When to See a Doctor

If you or a family member are experiencing any of the symptoms described above — especially unusual fatigue, frequent infections, unexplained bruising, or bleeding — do not wait. See your family doctor or visit a walk-in clinic as soon as possible.

A simple blood test is often the first step. Your doctor can order a complete blood count and, if needed, refer you to a specialist. In Canada, referrals to hematologists are covered under provincial health plans, though wait times may vary by province.
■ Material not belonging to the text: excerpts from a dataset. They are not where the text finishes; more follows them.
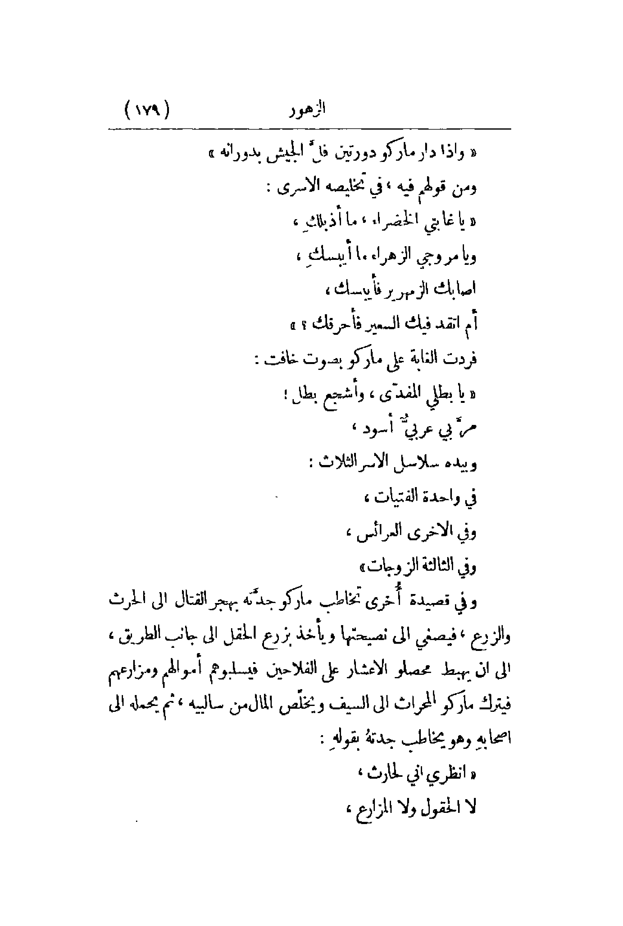 وفي قصيدة أُخرى تخاطب ماركو جدَّته بهجر القتال إلى الحرث والزرع , فيصغي إلى نصيحتها ويأخذ بزرع الحقل على جانب الطريق , إلى أن يهبط محصلو الأعشار على الفلاحين فيسلبوهم أموالهم ومزارعهم فيترك ماركو المحراث إلى السيف ويخلّص المال من سالبيه , ثم يحمله إلى أصحابهِ وهو يخاطب جدتهُ بقولهِ: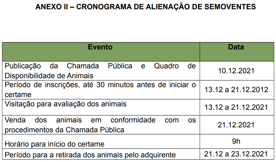 Da vistoria prévia dos animais: interessados inscritos no certame poderão vistoriar os animais, em dias que antecedem o certame, nas Unidades Educativas de Campo ( Zootecnia II), subordinadas à Coordenação das Unidades Educativas de Campo, localizada na rua Barão de Camaçari, 108 Bairro Barão de Camaçari, município de Catu exclusivamente no período fixado pelo Cronograma de Alienação de Semoventes (Anexo II), mediante agendamento pelo telefone (71) 3641-7908 ou pelo e-mail: alienacao.semoventes@catu.iPaiano.edu.br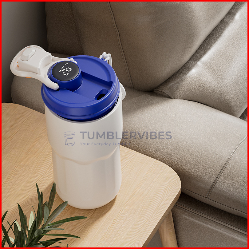 Tumblervibes Smart Thermos Bottle Water With Digital Led Temperature And Strap 14oz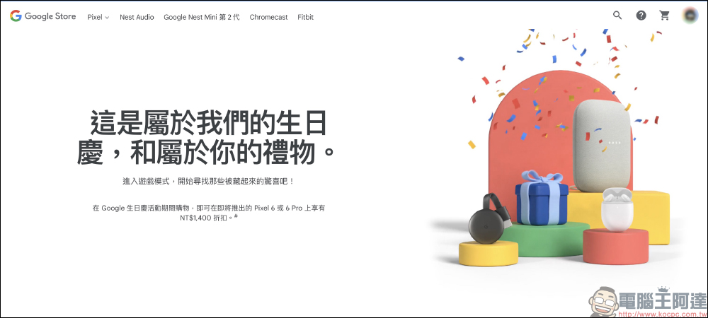 一年一度的 Google 生日慶活動開跑囉!在即(25)日起至 9 月 27 日期間,於 Google 官方商店購買指定商品輸入折扣代碼即可享最高 5 折優惠。另外,凡是在 Google 生日慶活動期間有購買商品,即可獲得 Google Pixel 6 / Pixel 6 Pro 折扣代碼,在未來 Pixel 6 系列推出後現折 NT$1,400 !

If you experience sudden, heavy bleeding, high fever, or severe chest pain, go to your nearest emergency department right away. These may be signs of a serious complication that needs immediate care.

As always, this article is for general information only. Please speak with your doctor or a qualified healthcare provider before making any decisions about your health. Health Canada also provides resources to help Canadians find the right care for serious conditions.

Frequently Asked Questions About Aplastic Anaemia

Key Takeaways

• Aplastic anaemia is a rare but serious condition where the bone marrow stops producing enough blood cells.
• It affects approximately two people per million each year and can develop at any age, though it is more common in teenagers and young adults.
• Common symptoms include fatigue, frequent infections, unusual bruising, and bleeding — all caused by low blood cell counts.
• Diagnosis starts with a blood test from your family doctor or walk-in clinic, followed by referral to a hematologist if needed.
• Treatment options include blood transfusions, immunosuppressive therapy, and stem cell transplant, depending on severity.
• Mental and emotional support is an important part of managing this condition for both patients and their families.
• If you notice concerning symptoms, see a doctor promptly. Early diagnosis significantly improves outcomes.
• Always consult a qualified healthcare provider for personal medical advice. Information in this article is for general educational purposes only.